◆ EXTRACTED MATERIAL ◆
########################################

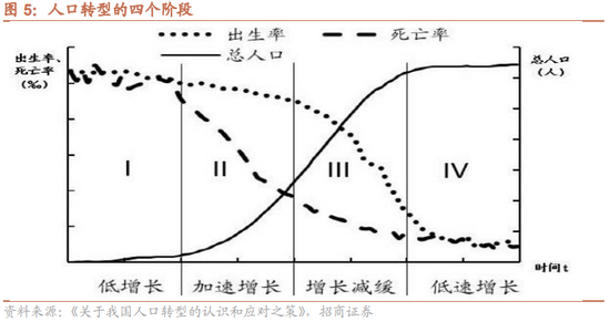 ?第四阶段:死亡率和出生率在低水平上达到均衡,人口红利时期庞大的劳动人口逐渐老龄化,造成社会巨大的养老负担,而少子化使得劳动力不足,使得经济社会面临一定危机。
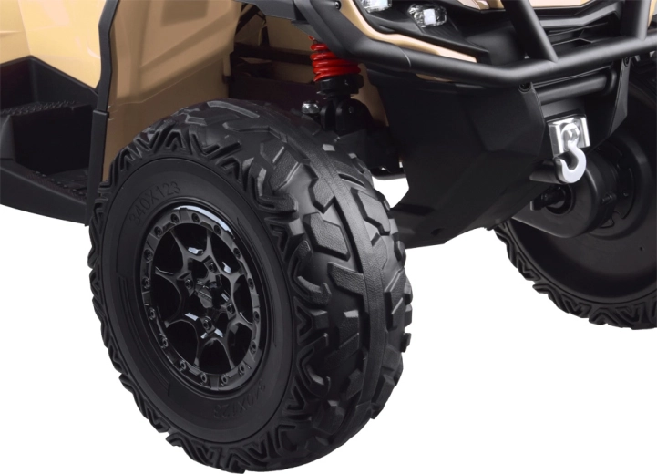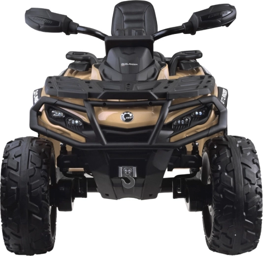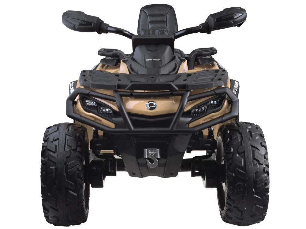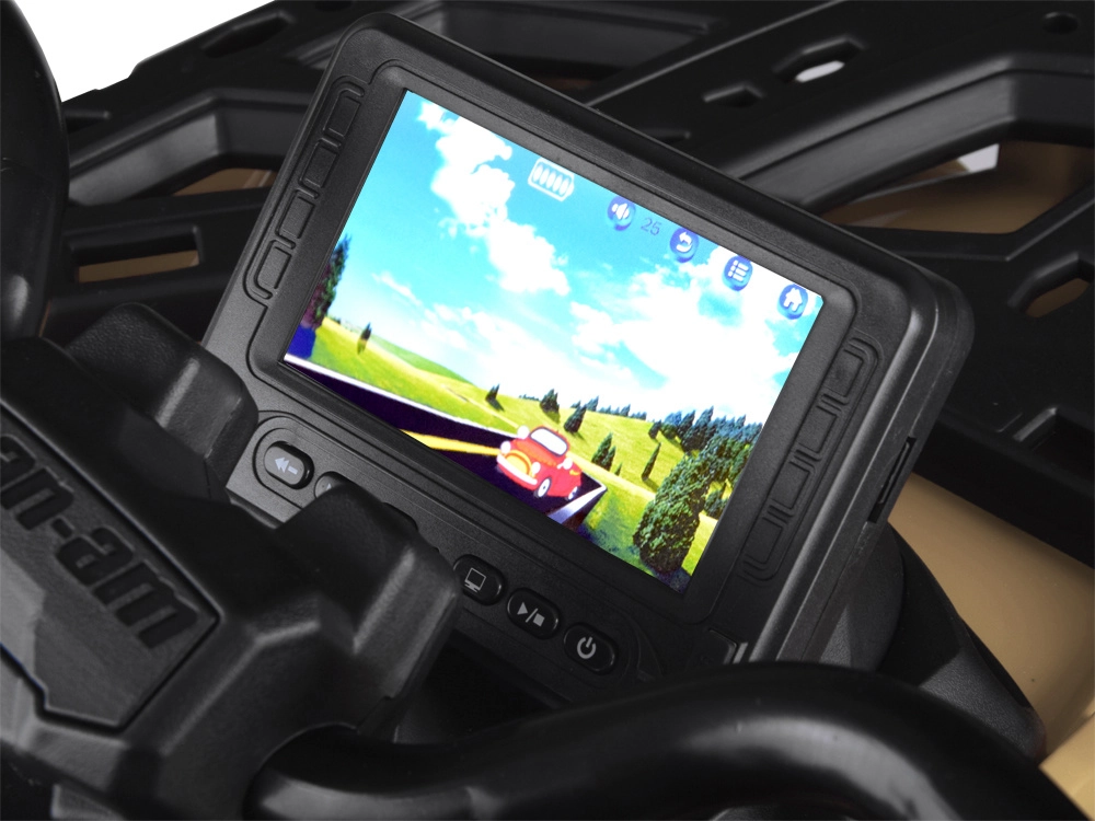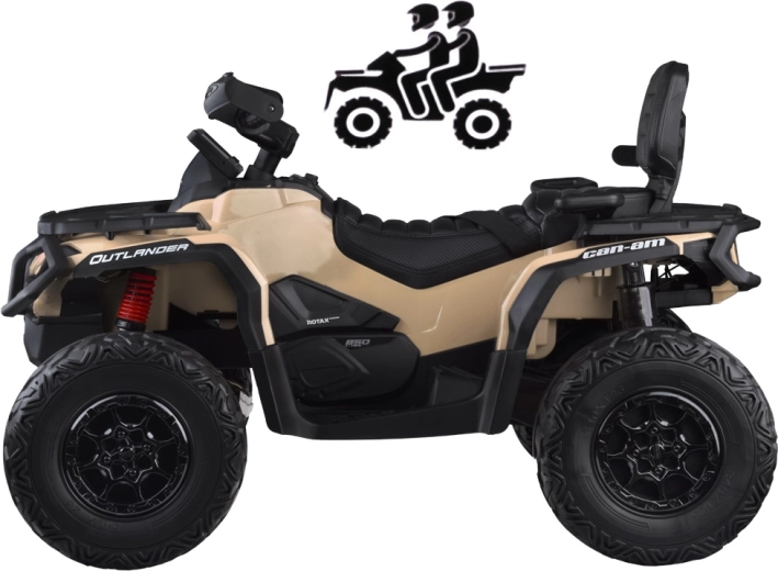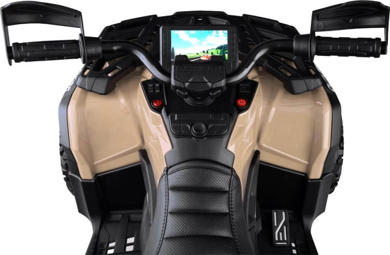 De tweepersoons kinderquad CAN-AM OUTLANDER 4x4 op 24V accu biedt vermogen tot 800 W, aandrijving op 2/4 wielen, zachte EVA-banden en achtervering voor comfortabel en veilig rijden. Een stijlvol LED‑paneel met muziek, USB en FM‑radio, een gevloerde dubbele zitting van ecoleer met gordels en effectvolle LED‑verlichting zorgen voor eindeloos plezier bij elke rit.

########################################

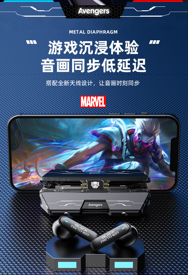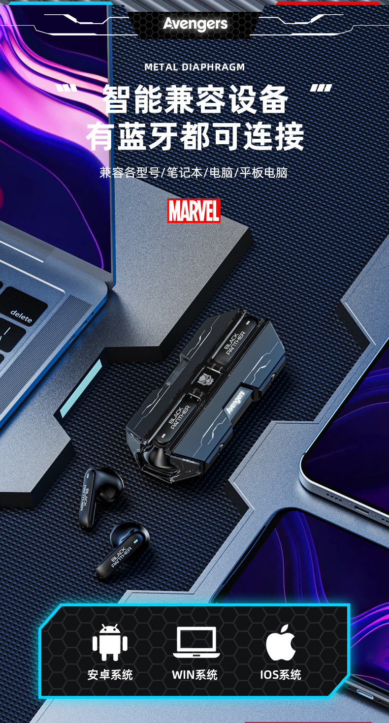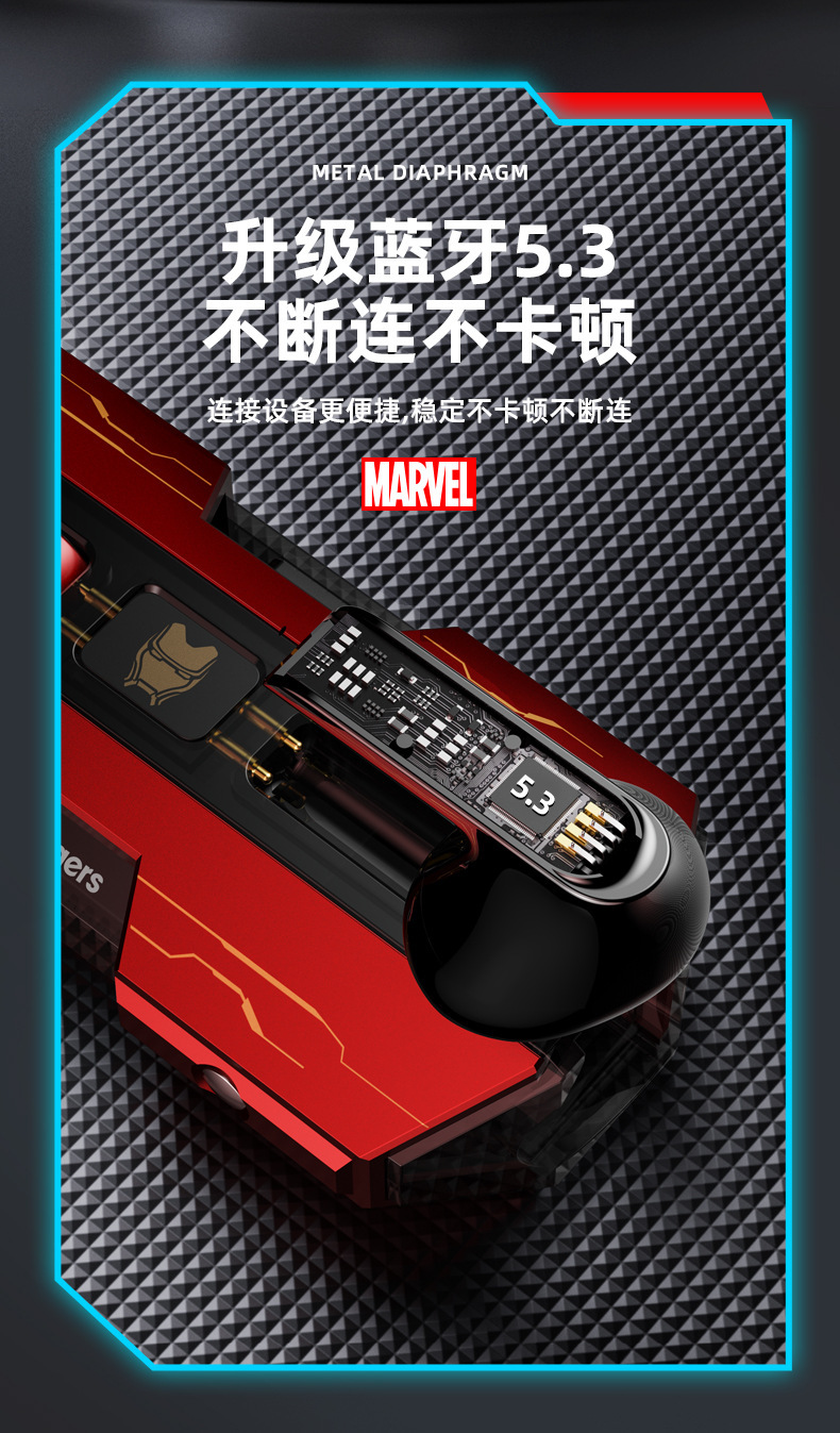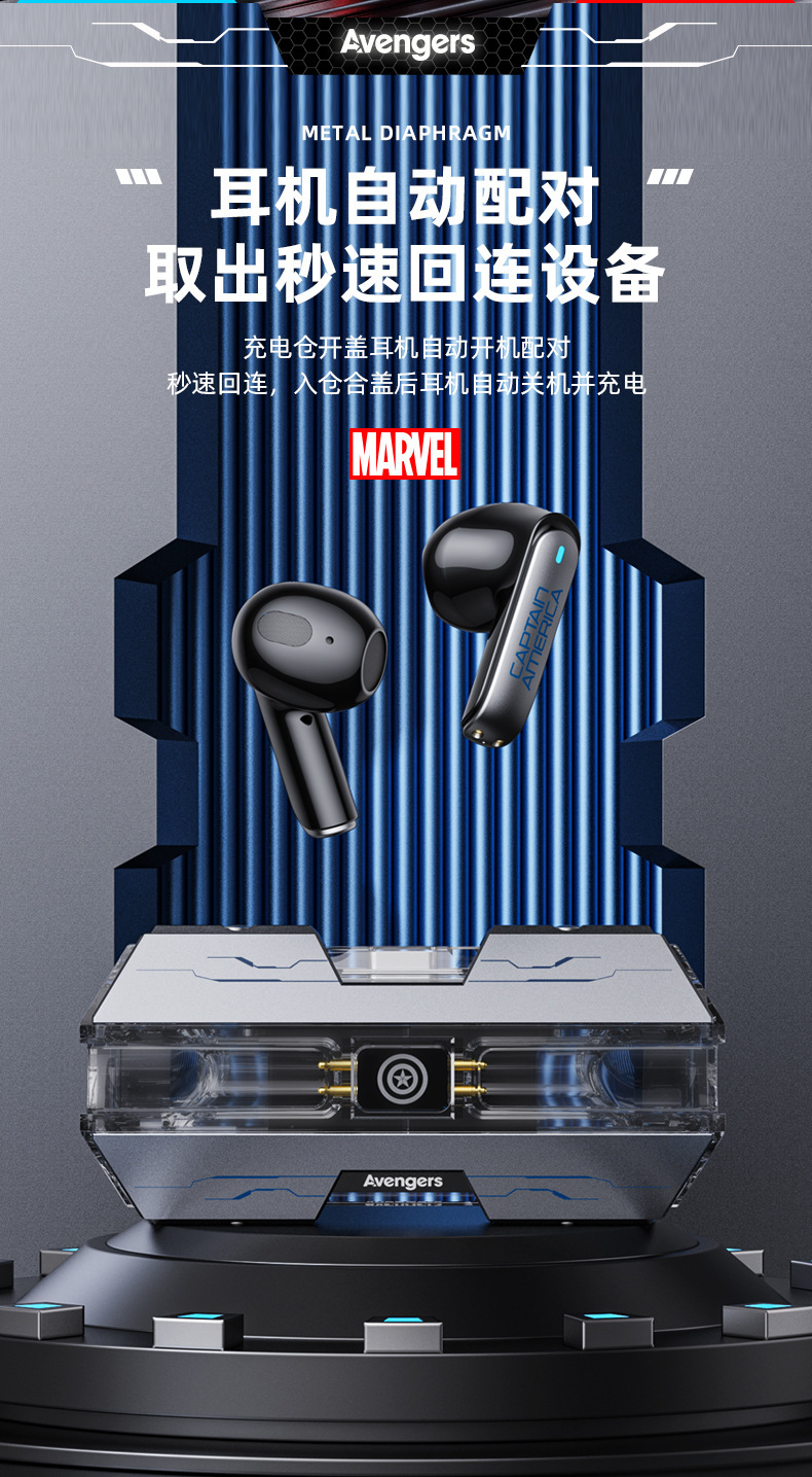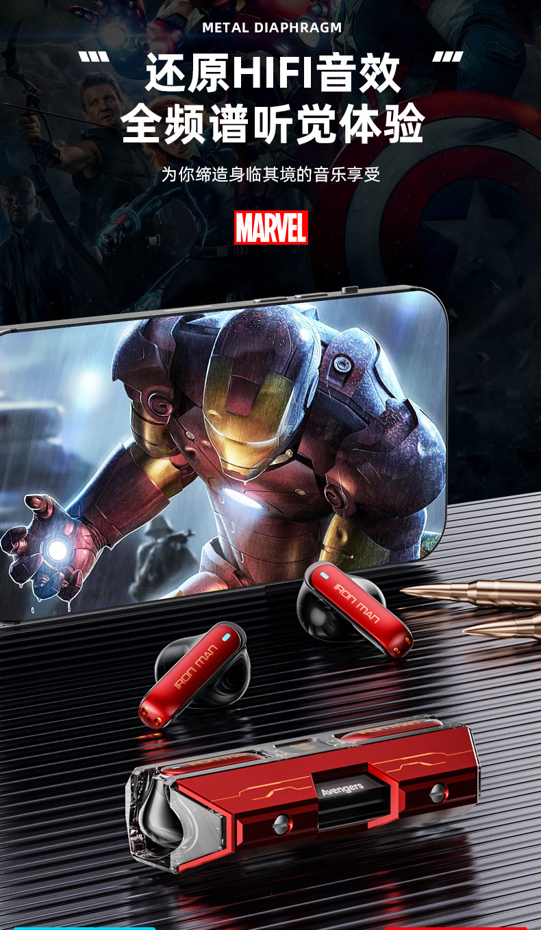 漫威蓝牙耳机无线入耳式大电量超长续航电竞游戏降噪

########################################

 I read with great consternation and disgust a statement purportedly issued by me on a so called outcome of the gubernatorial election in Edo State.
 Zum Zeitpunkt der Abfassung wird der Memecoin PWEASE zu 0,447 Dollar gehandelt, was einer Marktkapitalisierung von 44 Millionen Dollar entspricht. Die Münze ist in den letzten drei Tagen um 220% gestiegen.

########################################

◆ TASK TO COMPLETE ◆
Above are the entries. Output exactly the lines beginning with the line that has "I read with" and ending with the line that has "Zum Zeitpunkt der".

◆ RESULT FOR THIS EXERCISE ◆
 I read with great consternation and disgust a statement purportedly issued by me on a so called outcome of the gubernatorial election in Edo State.
 Zum Zeitpunkt der Abfassung wird der Memecoin PWEASE zu 0,447 Dollar gehandelt, was einer Marktkapitalisierung von 44 Millionen Dollar entspricht. Die Münze ist in den letzten drei Tagen um 220% gestiegen.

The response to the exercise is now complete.